▶ _YOUR OBJECTIVE_:
Where the listing shows an image, skip it and output all other material unchanged.

▶ _PROVIDED MATERIAL_:
[Start of section]
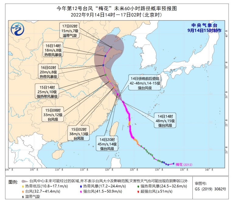 根据山东省气象台14日下午发布的台风“梅花”路径信息,今年第12号台风“梅花”14日15时中心距离浙江省象山县东南方向约80公里,中心附近最大风力15级(强台风级),中心气压945百帕。
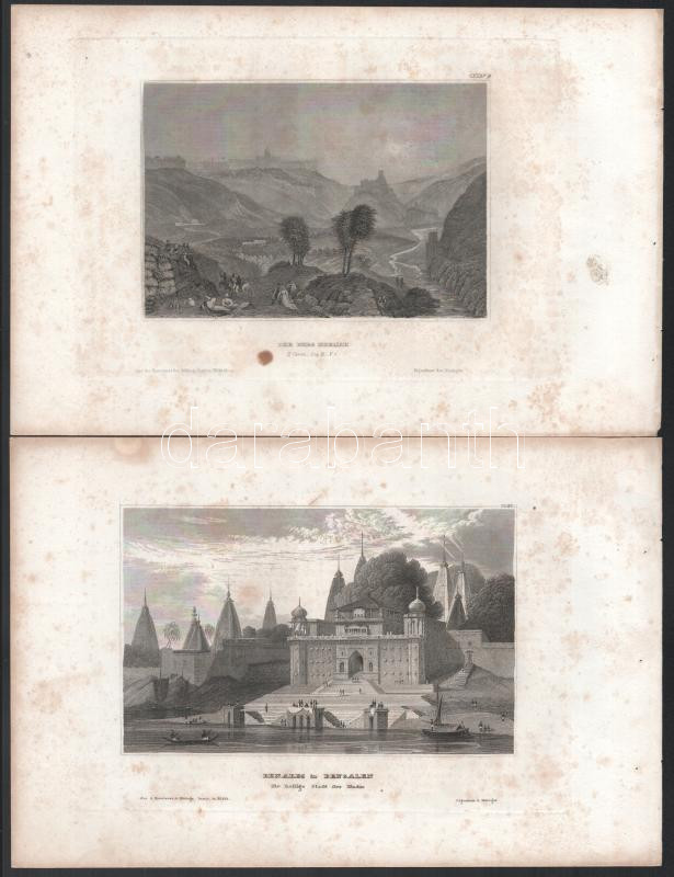 cca 1840 A Móriá-hegy (Templom-hegy) Jeruzsálemben + Benáresz (ma Váránaszi), a hindu vallás szent városa. 2 db acélmetszet, papír, jelzettek a metszeten, foltos lapok, lapméret: 18x27,5 cm
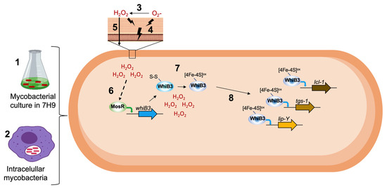 Figure 6. Effect of oxidants on gene expression of free-living mycobacteria cultured in 7H9 (1) and intracellular mycobacteria (2). The superoxide anion (O2) is converted into hydrogen peroxide (H2O2) (3). Both oxidants damage the cell wall and membrane, generating lipoperoxidation (4). H2O2 is an electrically neutral molecule that crosses membranes (5), increasing its concentration inside the cell causing an imbalance in the redox state. The MosR regulator senses oxidative stress and induces whiB3 expression (6). Oxidative conditions favor the [4Fe-4S] cluster oxidation of WhiB3 (7). [4Fe-4S]ox-WhiB3 can bind to promoters of its target genes (8), generating increased expression of lip-Y, tgs-1, and icl-1, causing a metabolic change that leads to a state of dormancy.
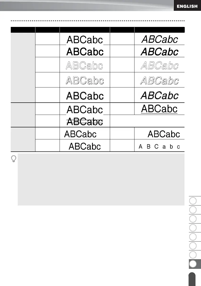 labels, the height of the alphabet characters (capital letters) will automatically be short
[End of section]
▶ _PROBLEM SOLUTION_:
 根据山东省气象台14日下午发布的台风“梅花”路径信息,今年第12号台风“梅花”14日15时中心距离浙江省象山县东南方向约80公里,中心附近最大风力15级(强台风级),中心气压945百帕。
 cca 1840 A Móriá-hegy (Templom-hegy) Jeruzsálemben + Benáresz (ma Váránaszi), a hindu vallás szent városa. 2 db acélmetszet, papír, jelzettek a metszeten, foltos lapok, lapméret: 18x27,5 cm
 Figure 6. Effect of oxidants on gene expression of free-living mycobacteria cultured in 7H9 (1) and intracellular mycobacteria (2). The superoxide anion (O2) is converted into hydrogen peroxide (H2O2) (3). Both oxidants damage the cell wall and membrane, generating lipoperoxidation (4). H2O2 is an electrically neutral molecule that crosses membranes (5), increasing its concentration inside the cell causing an imbalance in the redox state. The MosR regulator senses oxidative stress and induces whiB3 expression (6). Oxidative conditions favor the [4Fe-4S] cluster oxidation of WhiB3 (7). [4Fe-4S]ox-WhiB3 can bind to promoters of its target genes (8), generating increased expression of lip-Y, tgs-1, and icl-1, causing a metabolic change that leads to a state of dormancy.
 labels, the height of the alphabet characters (capital letters) will automatically be short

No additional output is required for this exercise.